The Sporting American: The AMC Javelin


In early 1968, American Motors followed up the Javelin with the two-seat AMX that Bob Evans had requested two years earlier. The production AMX was essentially a Javelin with its wheelbase shortened by 12 inches (305 mm), fitted with a new hood, grille, roof, and sail panels. The AMX was mechanically similar to the Javelin, although it came standard with the 225-horsepower (168 kW), 290 cu. in. (4,751 cc) V8. A new option for both the Javelin and AMX was a bigger 390 cu. in. (6,384 cc) V8 rated at 315 gross horsepower (235 kW).

1968 AMC AMX front3q
From the front, the AMX looks much like the Javelin on which it’s based, although it has a unique hood and grille. The AMX was not offered with a six or the base 200 hp (149 kW) V8, but it could have any of the Javelin’s other engine options. This one has the 390 cu. in. (6,384 cc) V8 with 315 gross horsepower; with this engine, 0-60 mph (0-97 km/h) takes about seven seconds with a top speed of over 120 mph (193 km/h).
1968 AMC AMX rear 3q
The early AMX was 177.2 inches (4,501 mm) long on a 97-inch (2,464mm) wheelbase, making it exactly 12 inches (305 mm) shorter than the Javelin and 112 lb (51 kg) lighter.

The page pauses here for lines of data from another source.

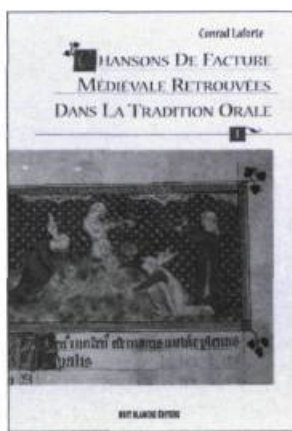
CHANSONS DE FACTURE MÉDIÉVALE RETROUVÉES DANS LA TRADITION ORALE Tomes I et II (sous coffret) Conrad Laforte 955 pages 75 $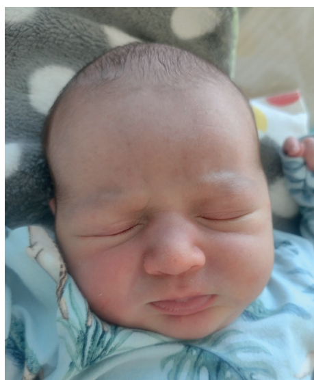
Teo , 54 cm, 3790 g, 5.09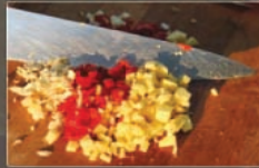
3 Kruiden fijnhakken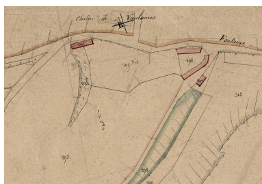
Plan de la ferme Jourdain, extrait du plan parcellaire cadastral, dit plan napoléonien, section C1, 1833 (AD Somme ; 3 P 13535).

Repro. Archives départementales de la Somme IVR32_20238005310NUCA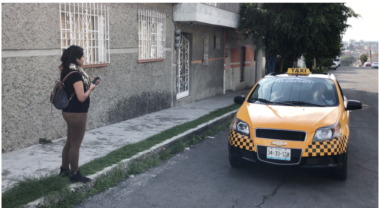
Usaria de ProTaxi.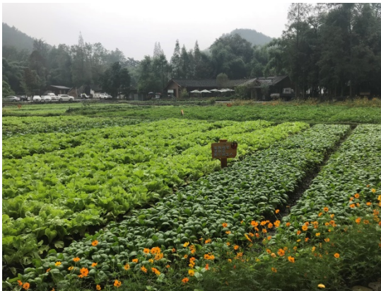
図 8. 無農薬野菜畑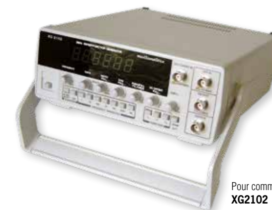
Pour commander XG2102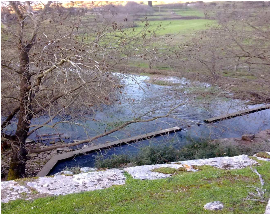
Πολύδροσος, "Αγία Ελεούσα" Πηγές Κηφισού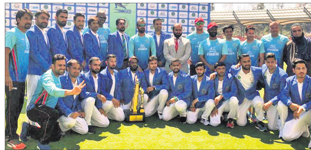
ଚେଷ୍ଟା ସିରିଜ୍ ବିଜୟ ପରେ ଆଫଗାନିସ୍ତାନ କ୍ରିକେଟ ଟିମ୍।

ଚେନ୍ନାଇ, ୧୮ମାର୍ଚ୍ଚ: ଚେଷ୍ଟା କ୍ରିକେଟରେ ନୂଆ କରି ସାମିଲ ହୋଇଥିବା ଆଫଗାନିସ୍ତାନ ଟୀମ୍ ପ୍ରଥମ ବିଜୟ ହାସଲ କରିବା ସହ ଇତିହାସ ସୃଷ୍ଟି କରିଛି।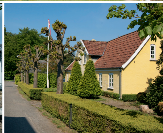
Det gamle kommune-kontor

The AMX came standard with the Javelin’s optional heavy-duty rear springs and added radius rods to better locate the rear axle on hard acceleration.

AMC sold more than 55,000 1968 Javelins, around 40% more than Chapin’s target. The AMX, meanwhile, accounted for 6,725 sales in its shortened first year. Neither was a major player in the crowded sporty car market; the Javelin accounted for less than 6% of pony car sales in 1968 and was not a big money-maker. Despite their modest sales, both cars played a useful role as image leaders, drawing young buyers into AMC showrooms for the first time.


In the spring of 1968, shortly before the AMX appeared in showrooms, the Javelin embarked on its first Trans Am season. AMC had given JRT two Javelins, each painted with gaudy red, white, and blue stripes. The 343 cu. in. (5,624 cc) V8 was too big for Trans Am, so the racing team started with the smaller 290 cu. in. (4,751 cc) block and bored it to 3.84 inches (97.6 mm), giving a total displacement of 304.3 cu. in. (4,977 cc), safely under the 305 cu. in. (5,000 cc) limit. Naturally, the racing engines also got hotter cams and dual four-barrel Holley carburetors. Jim Jeffords and Ronnie Kaplan hired Peter Revson and George Follmer to drive the cars with John Martin as co-driver and crew chief.

Just before the beginning of the season, Victor Raviolo told reporters that AMC didn’t really expect to win, hoping instead for a solid third-place finish. It was a realistic assessment, but it may have been more candid than American management would have liked; Raviolo was fired not long afterward and Carl Chakmakian took over AMC’s performance efforts.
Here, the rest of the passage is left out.